*** Source records ***

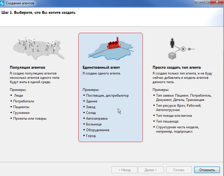 Выбираем опцию «Просто создать тип агента». Нам нужен тип агента, чтобы задать логику модели специальными параметрами, которые мы создадим на его диаграмме.
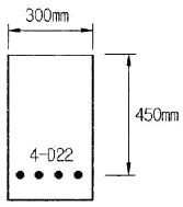 아래 그림과 같은 단철근 직사각형보가 공칭 휨강도(Mn)에 도달할 때 인장철근의 변형률은 얼마인가? (단, 철근 D22 4개의 단면적 1548mm2, fck=35MPa, fy=400MPa)(2022년 개정된 규정 적용됨)
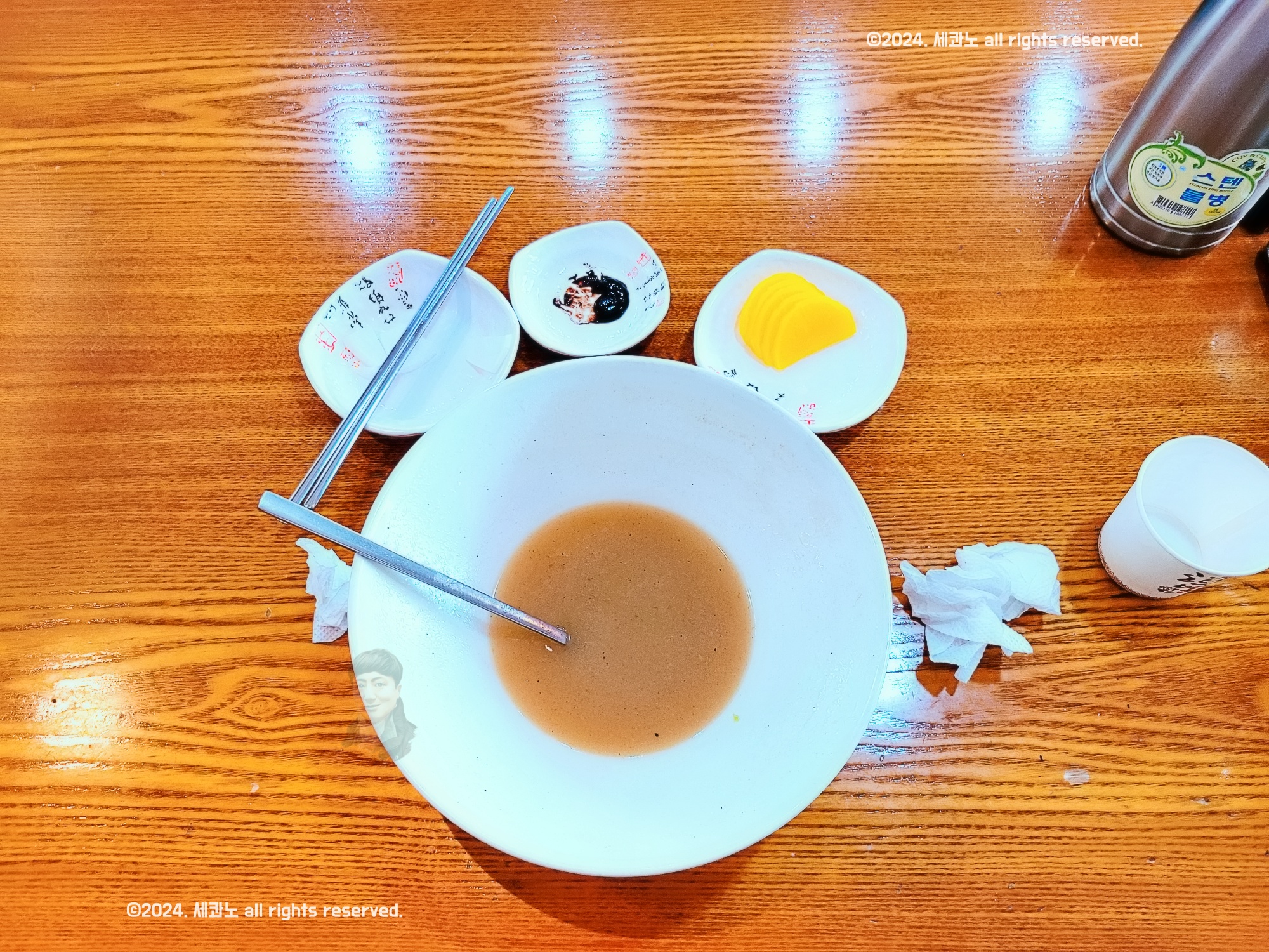 그릇을 들고 국물을 드리킹한
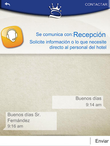 Ahora podrá, en tiempo real, mediante mensajería instantánea solicitar al personal del Hotel la información que necesite o los servicios que desee de forma cómoda y práctica.
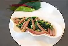 韭菜拌海肠是中国菜系鲁菜菜系中很有特色的菜式之一,韭菜拌海肠以韭菜为主要材料,烹饪以拌菜为主。特色:海肠清脆鲜红,韭菜脆嫩鲜绿,红绿相间,顺色顺味。全部>>
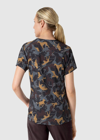 Wink Scrubs Carhartt Women's V-Neck Print Scrub Top in Mustang Meadow

*** End of Source records ***

Give back all of the data exactly, but not the pictures.

 Выбираем опцию «Просто создать тип агента». Нам нужен тип агента, чтобы задать логику модели специальными параметрами, которые мы создадим на его диаграмме.
 아래 그림과 같은 단철근 직사각형보가 공칭 휨강도(Mn)에 도달할 때 인장철근의 변형률은 얼마인가? (단, 철근 D22 4개의 단면적 1548mm2, fck=35MPa, fy=400MPa)(2022년 개정된 규정 적용됨)
 그릇을 들고 국물을 드리킹한
 Ahora podrá, en tiempo real, mediante mensajería instantánea solicitar al personal del Hotel la información que necesite o los servicios que desee de forma cómoda y práctica.
 韭菜拌海肠是中国菜系鲁菜菜系中很有特色的菜式之一,韭菜拌海肠以韭菜为主要材料,烹饪以拌菜为主。特色:海肠清脆鲜红,韭菜脆嫩鲜绿,红绿相间,顺色顺味。全部>>
 Wink Scrubs Carhartt Women's V-Neck Print Scrub Top in Mustang Meadow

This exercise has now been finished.